Tracking Foreign Keys
The other day, I was reading a blog by Magnus Hagander about tracking foreign keys throughout a schema in PostgreSQL. I thought it was a good idea, so I decided to look at how you can track foreign key in MySQL.
The way I decided to do it was to start out with a table, then find all tables referencing the table by a foreign key. From this basic (and simple as it will be shown) query, it is possible to create a chain of relations. The key table for the queries is information_schema.KEY_COLUMN_USAGE
which has information about all the foreign key relationships.
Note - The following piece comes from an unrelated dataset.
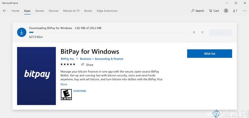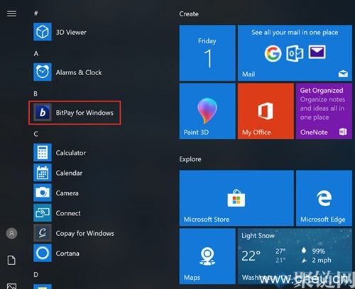 安装应用程序后,您会在开始菜单上找到BitPay应用程序。
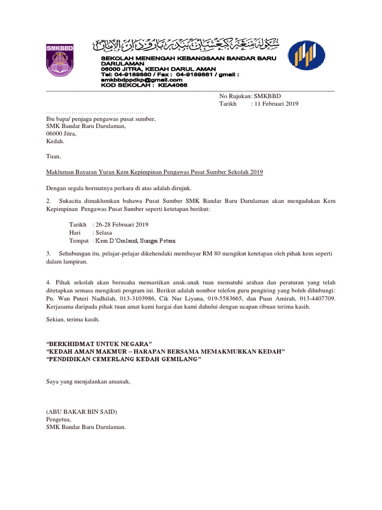 Surat Makluman Bayaran Yuran Kem Pss 2019 Docx

However, before getting that far, it is necessary to have some tables to work with.
Sample Schema
A small schema, but with relatively complex foreign keys relations, can be created with the following statements:
DROP SCHEMA IF EXISTS db1;
CREATE SCHEMA db1;
CREATE TABLE db1.a (
a_id int,
PRIMARY KEY (a_id)
);
CREATE TABLE db1.b (
b_id1 int,
b_id2 int,
a_id int,
PRIMARY KEY (b_id1, b_id2),
FOREIGN KEY (a_id) REFERENCES a (a_id)
);
CREATE TABLE db1.c (
c_id int,
b_id1 int,
b_id2 int,
PRIMARY KEY (c_id),
FOREIGN KEY (b_id1, b_id2) REFERENCES b (b_id1, b_id2)
);
CREATE TABLE db1.d (
d_id int,
a_id int,
c_id int,
PRIMARY KEY (d_id),
FOREIGN KEY (a_id) REFERENCES a (a_id),
FOREIGN KEY (c_id) REFERENCES c (c_id)
);
CREATE TABLE db1.e (
e_id int,
a_id int,
PRIMARY KEY (e_id),
FOREIGN KEY (a_id) REFERENCES a (a_id)
);
CREATE TABLE db1.f (
f_id int,
b_id1 int,
b_id2 int,
c_id int,
PRIMARY KEY (f_id),
FOREIGN KEY (b_id1, b_id2)
REFERENCES b (b_id1, b_id2),
FOREIGN KEY (c_id) REFERENCES c (c_id)
);
The base table is a
. There are three tables, b
, d
, and e
, with a direct foreign key to table a
. Tables c
and f
in turn references table b
through a two column foreign key, and tables d
and f
references table c
. So there are quite a few paths to get to table a
from another table. Before looking at how the relationship can be found from the information_schema.KEY_COLUMN_USAGE
, it is worth creating a visual representation of the schema.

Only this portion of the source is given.